Fortunately, we have computers.
Computers are never lazy, fickle, or biased. Computers analyze the data and spit out a number that can be usually to rank every team in America. As a bit of a stat nerd, I find this beautiful. We’re 15 games into the season, which seems like a healthy benchmark to pause and look at where things stand.
AP Poll: #22
No need to dissect that. The Bearcats are underrated, but you can read my analysis of this ranking elsewhere.
Coaches Poll: #22
The coaches poll might be the dumbest thing college basketball does on a regular basis. I don’t know who thought asking coaches to rank teams would be a good idea. Coaches only watch the next team on the schedule, so expecting them to put America’s 25 best teams in order is asinine. This task, in turn, likely gets pawned off on a low-level assistant who mails it in. I don’t blame them.
KenPom: #16
KenPom (compiled by Ken Pomeroy) is the most popular computer ranking, and for good reason. It tends to boil down to the most fair, accurate assessment. The Bearcats have spent most of the season in the 20s before popping up to #16 following the win over Houston. The Bearcats are trying to finish the season inside the KenPom Top 25 for the first time since the 2010–11 season when they wound up at #21.
Sagarin: #14
Sagarin (compiled by Jeff Sagarin) is another popular computer ranking, and it loves the Bearcats. UC falls in line just a hair behind offensive marvel UCLA and right in front of Florida, Creighton, and Butler. This ranking would place UC in the top two teams of every conference in America, aside from the Big Ten (barely third) and the Big 12 (fourth).
Massey: #20
Even the most fringe computer ranking is more optimistic about UC than the AP pollsters.
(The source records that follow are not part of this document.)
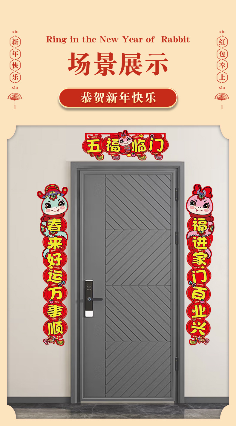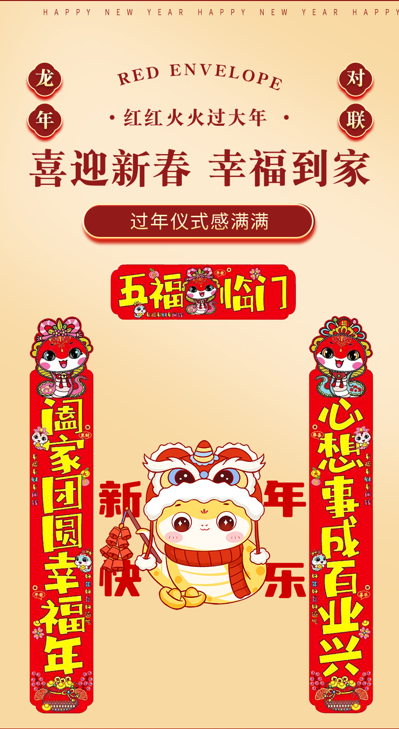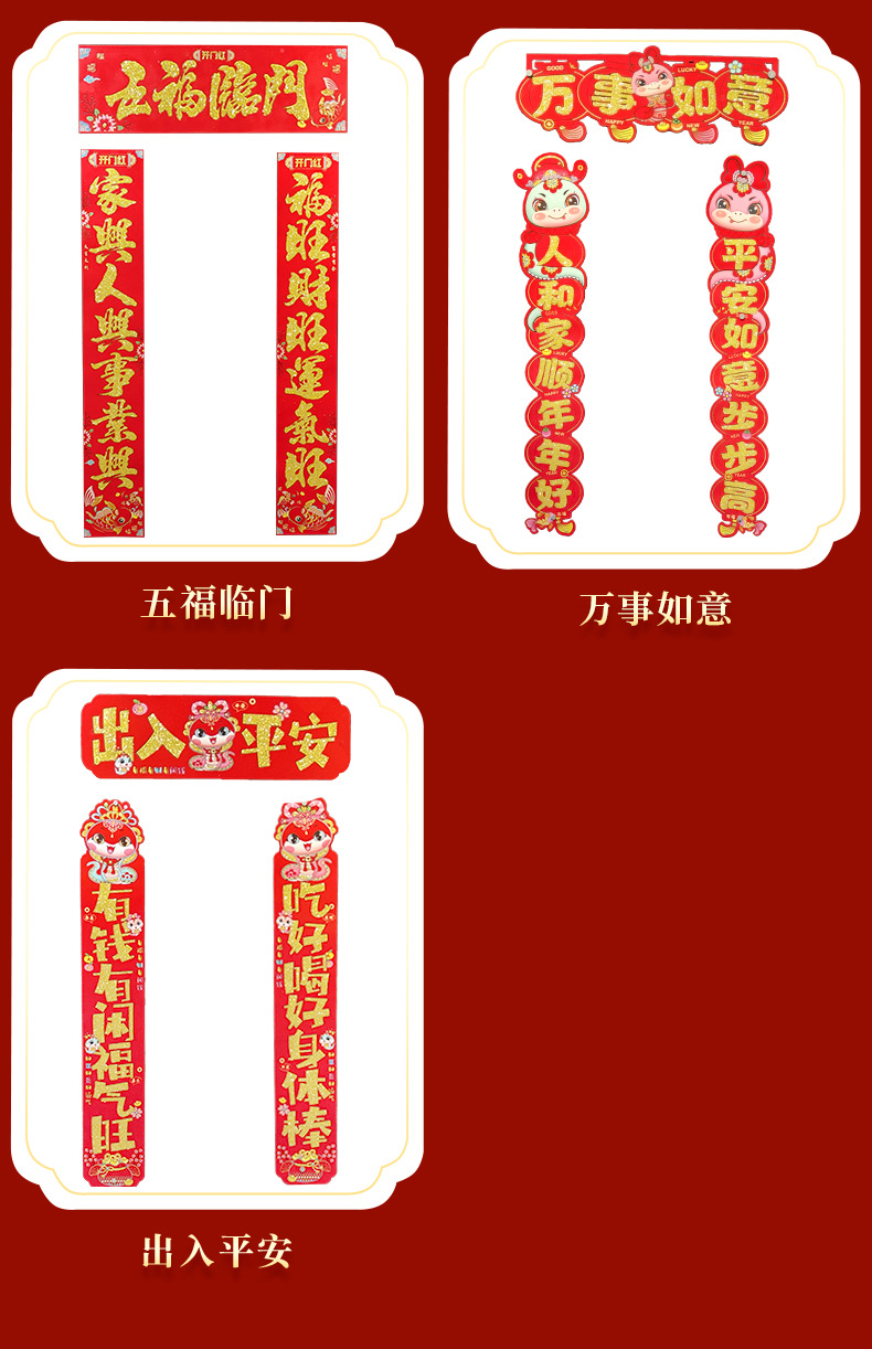 蛇年新款对联新年装饰卡通可爱植绒烫金春节过年创意春联厂家直销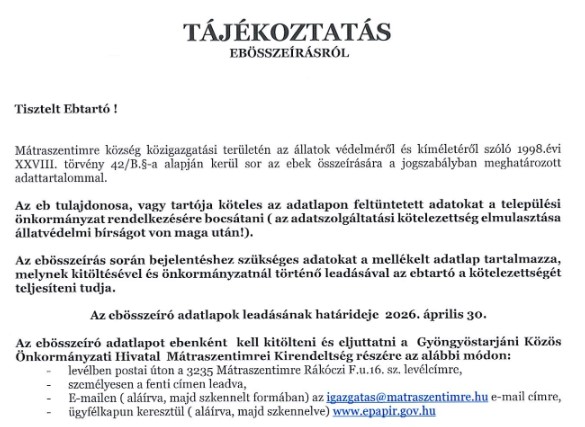 Tájékoztatás ebösszeírásról / 2026.03.30. admin küldte be 30 March 2026 időpontban Tájékoztatás ebösszeírásról Adatlap ebösszeíráshoz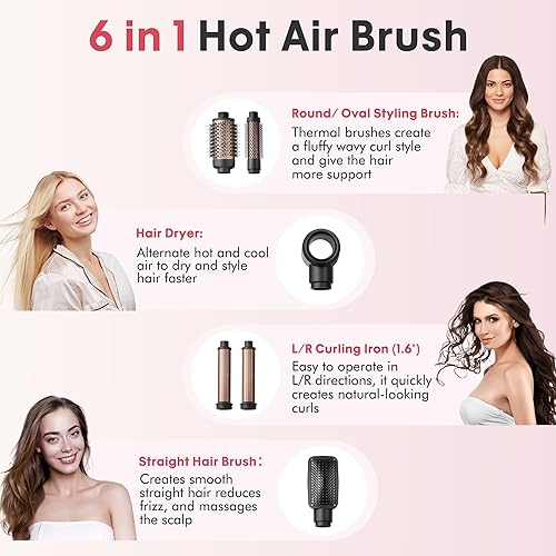 6-in-1 Hair Styling Tools: Enjoy versatile styling with our 6-in-1 multifunctional air styling set, featuring a hair dryer, Auto-Wrap curling irons, hair dryer brushes, and a hair straightener, effortlessly catering to all your styling needs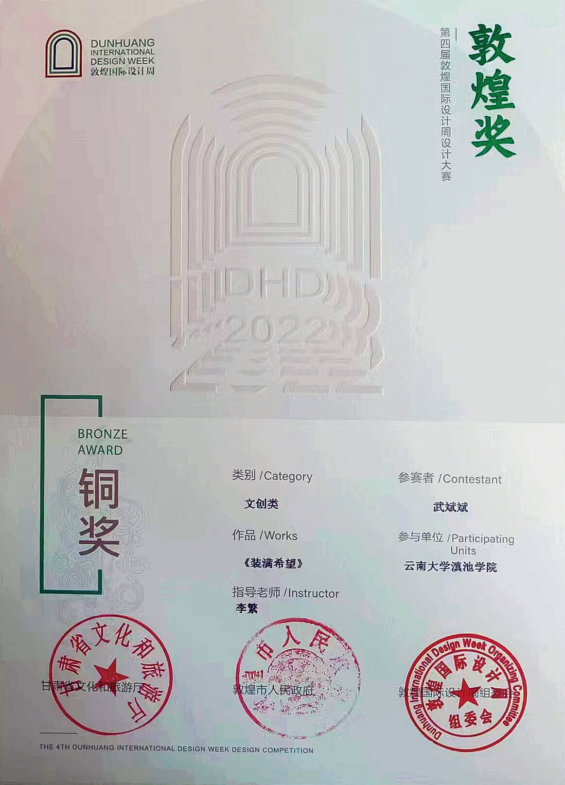 第四届敦煌国际设计周大赛,获得全国赛敦煌奖铜奖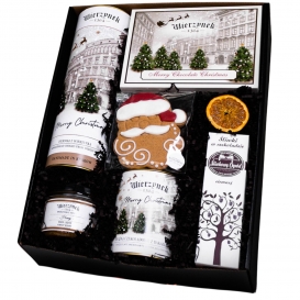 Ekskluzywny, świąteczny box prezentowy z produktami od Wierzynka, śliwkami od Alty Saskiej oraz przepięknym, ręcznie malowanym piernikiem od Piernik Wrocławski.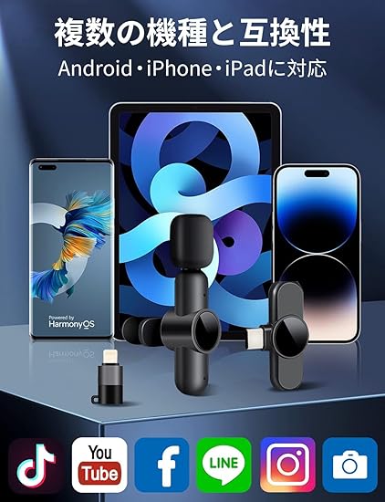 ・【iphone&androidデバイスと互換性】ピンマイク ワイヤレスはType-C ピンマイクとi-Phoneアダプタが付属して、ソフトウェアをインストールする必要がなく、Android&iphone複数の機種と互換性があるピンマイク。ご購入前に互換性のあるデバイスのリストを確認してください。商品の説明に記載以外のモデルはご購入前に弊社カスタマーサービスへお問い合わせください。「※アイフォーン携帯電話を使用際にはスクリーンショットを点灯させたままペアリングしてください。※OTGとUSB Audio機能の無いAndroidスマホ非対応、及び接続する前にOTG機能を有効にする必要があります。」

I’m not sure how much stock I put into a ranking that has four 3-loss teams ranked from 10 to 17, but Massey is fairly popular.
RPI: #17
Perhaps the most ubiquitous and stupid ranking, the RPI is what many college basketball fans still reference most often. Fortunately, it’s on its way out, both in public use and by the committee that seeds the NCAA Tournament. It heavily favors opponent strength of schedule, and largely forgives losses. For example, many of us wanted to play Duke this year simply because even a loss against the Blue Devils would improve UC’s RPI numbers significantly. It’s kind of backwards.
BPI: #15
Like the RPI, but even stupider. It’s devised by ESPN, who is currently rebuilding the ranking on their website. For this reason, you can no longer check the ranking each day. The most recent article is from January 2, and puts UC behind Arizona and ahead of Wisconsin.
LRPI: #10
Nobody references the LRPI. It’s Lunardi’s preferred RPI, and it just removes home games from the normal ranking. The logic there is that “anybody” can win a home game, but the true mark of a team is winning outside of your own gym. The Bearcats, despite both losses coming away from Clifton, place in the Top 10 in this metric.
LRMC: #17
I’ve never heard of this, but apparently it’s developed by people at Georgia Tech. Aside from a few weird rankings, it looks reasonable. UC slots in behind Wisconsin and ahead of Florida.
TeamRankings.com: #16
I’ve found this site to be incredibly sketchy until the sample size is large enough, and that takes a while. Minnesota is #8 and Middle Tennessee is #17. I don’t know.
Sonny Moore: #15
UC is behind Florida and ahead of Creighton. I don’t know what this is. I found it on Google.